• DOLAR 34.944
  • EURO 36.745
  • ALTIN 2979.98
  • ...

Geçen hafta “Sorunlarımız -1” başlıklı bir yazı yazmıştım. Başlıktan da anlaşılacağı gibi bu, devam edecek bir yazı dizisi olacak inşallah.

Bu başlık altında dünya üzerindeki genel sorunları ve İslam Alemi’ne dair özel sorunlarımızı yazmaya çalışacağım.

Amacım sorunlardan bahsederken, bir farkındalık oluşturmak. Çünkü insanoğlunun farkında olması demek, insanoğlunun akıl etmesi, aklını kullanması demektir. İnsanoğlu aklını kullanır, farkında olursa sorunu görür.

Tabi farkındalık oluşturmaktan amaç da çözüme odaklanmak ve çözüm için harekete geçmek. Zira ancak aklını kullanan insan farkında olur ve ancak farkında olan insan harekete geçer veya geçirilebilir. Bu amaçla yazılarımda sorunlarımızdan bahsederken, yer yer açıktan çözümü veya çözüm adresini de ortaya koyma gayreti içinde olacağım. Ancak açıktan yazmasam da her sorunun bahsi, aynı zaman da içinde kendi çözümünü barındırır, çözüm için başlangıç ve hareket noktası oluşturur.

Yazdıklarımızla fayda üretebilir ve faydaya vesile olabilirsek, ne mutlu bize!

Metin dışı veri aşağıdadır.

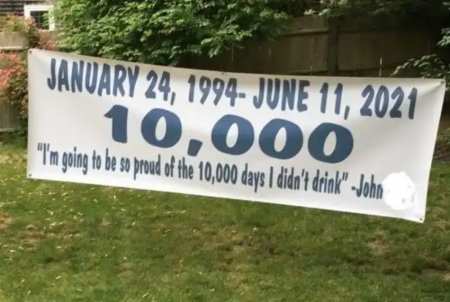"Мой муж не пьет 10 000 дней. В честь этого мы устроили для него грандиозную безалкогольную вечеринку. Я горжусь его силой воли и обожаю его"
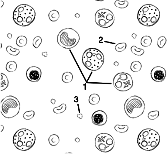 Установите соответствие между характеристиками и клетками крови, обозначенными на рисунке выше цифрами 1, 2, 3: к каждой позиции из первого столбца подберите

Geçen haftaki yazımda insanın sorununun, insanın kendisi olduğunu vurgulamış ve tarih boyunca insanın, en büyük acıları ve sorunları, yine insanın eliyle çekmiş olduğunu anlatmaya çalışmıştım.

Yani yaşanmış tarihi realite olarak “insan, insanın kurdudur” sözünün bir anlamda doğruluğunu...

Yani “Hani Rabbin bir vakit meleklere ‘Ben yeryüzünde bir halife (insanı) yaratacağım” dediği zaman melekler, ‘yeryüzünde kan dökecek, bozgunculuk yapacak kimseleri mi yaratacaksın?...” ayetindeki, meleklerin endişesini...

Tabi Yüce Allah, ayetin devamında “sizin bilmediklerinizi ben bilirim” diyor.

Meleklerin bilmeyip Allah’ın bildiği şey neydi?

Bunun cevabını aramakla ve konuşmakla beraber, meleklerin insan hakkındaki endişelerinin gerçekleşmiş olduğunu vurgulayalım. Meleklerin dediği gibi, insan yeryüzünde çok kan akıttı, çok karışıklık çıkardı ve sonuçta; çok acılar, çok açlıklar, çok sorunlar oluşturdu.

Halbuki Allah, insanı, insanın kurdu olması için yaratmadı. İnsanı imtihan amaçlı yarattı ve insanlardan imtihanlarını kaybedenler, yani insanlıklarını kaybedenler, insanın kurdu oldular. İnsanı ve insanlığı parçalayan kurtlara dönüştüler.

Allah dünyayı insanın imtihan yurdu; insanı da insanın yurdu olarak, yani insanlık için yarattı. Yani sevgi, saygı, merhamet, yardımlaşma, dayanışma, paylaşma, dünyayı ve yaşamı güzelleştirmek için yarattı insanı.

Yani, “insaniyet-i kübra” (büyük insanlık) için yarattı insanı.  

Ancak bugün dünyada zalimleşen insan sorunu ile birlikte, bir de genel dünyanın yaşadığı bir “insanlık sorunu” var.  

Açlıkla pençeleşen, zulüm gören, acı çekenlere yardım eli uzatıp, insanlık vazifesini yerine getirenler olsa da maalesef bu, dünya üzerinde yaşanan trajedilerin yüzde birini bile gidermeye yetmiyor. Bu sebeple, dünyanın yaşadığı “insanlık sorunu” gittikçe büyüyor.